→ What the exercise asks:
Give the data again in full, without pictures.
[[ Stored data, beginning ]]
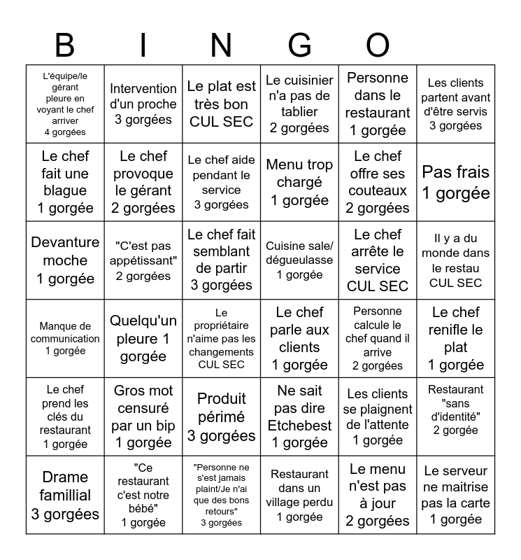 This bingo card has 36 words: Ne sait pas dire Etchebest 1 gorgée, Produit périmé 3 gorgées, Restaurant dans un village perdu 1 gorgée, Le chef fait une blague 1 gorgée, Manque de communication 1 gorgée, Cuisine sale/ dégueulasse 1 gorgée, Le chef provoque le gérant 2 gorgées, "Personne ne s'est jamais plaint/Je n'ai que des bons retours" 3 gorgées, Personne dans le restaurant 1 gorgée, Les clients se plaignent de l'attente 1 gorgée, Pas frais 1 gorgée, Le cuisinier n'a pas de tablier 2 gorgées, Restaurant "sans d'identité" 2 gorgée, "C'est pas appétissant" 2 gorgées, Menu trop chargé 1 gorgée, L'équipe/le gérant pleure en voyant le chef arriver 4 gorgées, Le chef prend les clés du restaurant 1 gorgée, Le chef arrête le service CUL SEC, Devanture moche 1 gorgée, Le plat est très bon CUL SEC, Le chef fait semblant de partir 3 gorgées, Quelqu'un pleure 1 gorgée, Le chef parle aux clients 1 gorgée, Le propriétaire n'aime pas les changements CUL SEC, Personne calcule le chef quand il arrive 2 gorgées, Intervention d'un proche 3 gorgées, Le chef offre ses couteaux 2 gorgées, "Ce restaurant c'est notre bébé" 1 gorgée, Le chef aide pendant le service 3 gorgées, Les clients partent avant d'être servis 3 gorgées, Le serveur ne maitrise pas la carte 1 gorgée, Drame famillial 3 gorgées, Le chef renifle le plat 1 gorgée, Il y a du monde dans le restau CUL SEC, Gros mot censuré par un bip 1 gorgée and Le menu n'est pas à jour 2 gorgées.
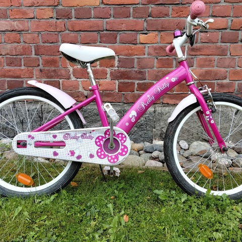 Tyttöjen Jupiter sweetie 12” polkupyörä, edelleen toimiva ja perus siisti. Mukaan työntö aisa, apupyörät ja kori.
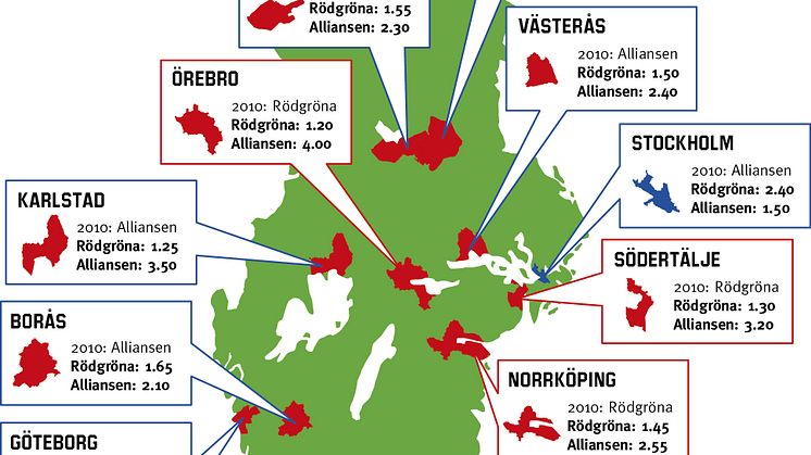 Borås, Kalmar, Karlstad, Malmö, Västerås, Falun, Leksand och Åre är de övriga swing-städer som ser ut att vinnas tillbaka av de rödgröna.
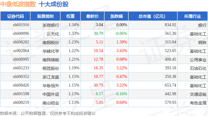 中盘低波(399406)指数十大成份股详情如下:
[[ Stored data, end ]]
→ Response for this exercise:
 This bingo card has 36 words: Ne sait pas dire Etchebest 1 gorgée, Produit périmé 3 gorgées, Restaurant dans un village perdu 1 gorgée, Le chef fait une blague 1 gorgée, Manque de communication 1 gorgée, Cuisine sale/ dégueulasse 1 gorgée, Le chef provoque le gérant 2 gorgées, "Personne ne s'est jamais plaint/Je n'ai que des bons retours" 3 gorgées, Personne dans le restaurant 1 gorgée, Les clients se plaignent de l'attente 1 gorgée, Pas frais 1 gorgée, Le cuisinier n'a pas de tablier 2 gorgées, Restaurant "sans d'identité" 2 gorgée, "C'est pas appétissant" 2 gorgées, Menu trop chargé 1 gorgée, L'équipe/le gérant pleure en voyant le chef arriver 4 gorgées, Le chef prend les clés du restaurant 1 gorgée, Le chef arrête le service CUL SEC, Devanture moche 1 gorgée, Le plat est très bon CUL SEC, Le chef fait semblant de partir 3 gorgées, Quelqu'un pleure 1 gorgée, Le chef parle aux clients 1 gorgée, Le propriétaire n'aime pas les changements CUL SEC, Personne calcule le chef quand il arrive 2 gorgées, Intervention d'un proche 3 gorgées, Le chef offre ses couteaux 2 gorgées, "Ce restaurant c'est notre bébé" 1 gorgée, Le chef aide pendant le service 3 gorgées, Les clients partent avant d'être servis 3 gorgées, Le serveur ne maitrise pas la carte 1 gorgée, Drame famillial 3 gorgées, Le chef renifle le plat 1 gorgée, Il y a du monde dans le restau CUL SEC, Gros mot censuré par un bip 1 gorgée and Le menu n'est pas à jour 2 gorgées.
 Tyttöjen Jupiter sweetie 12” polkupyörä, edelleen toimiva ja perus siisti. Mukaan työntö aisa, apupyörät ja kori.
 Borås, Kalmar, Karlstad, Malmö, Västerås, Falun, Leksand och Åre är de övriga swing-städer som ser ut att vinnas tillbaka av de rödgröna.
 中盘低波(399406)指数十大成份股详情如下:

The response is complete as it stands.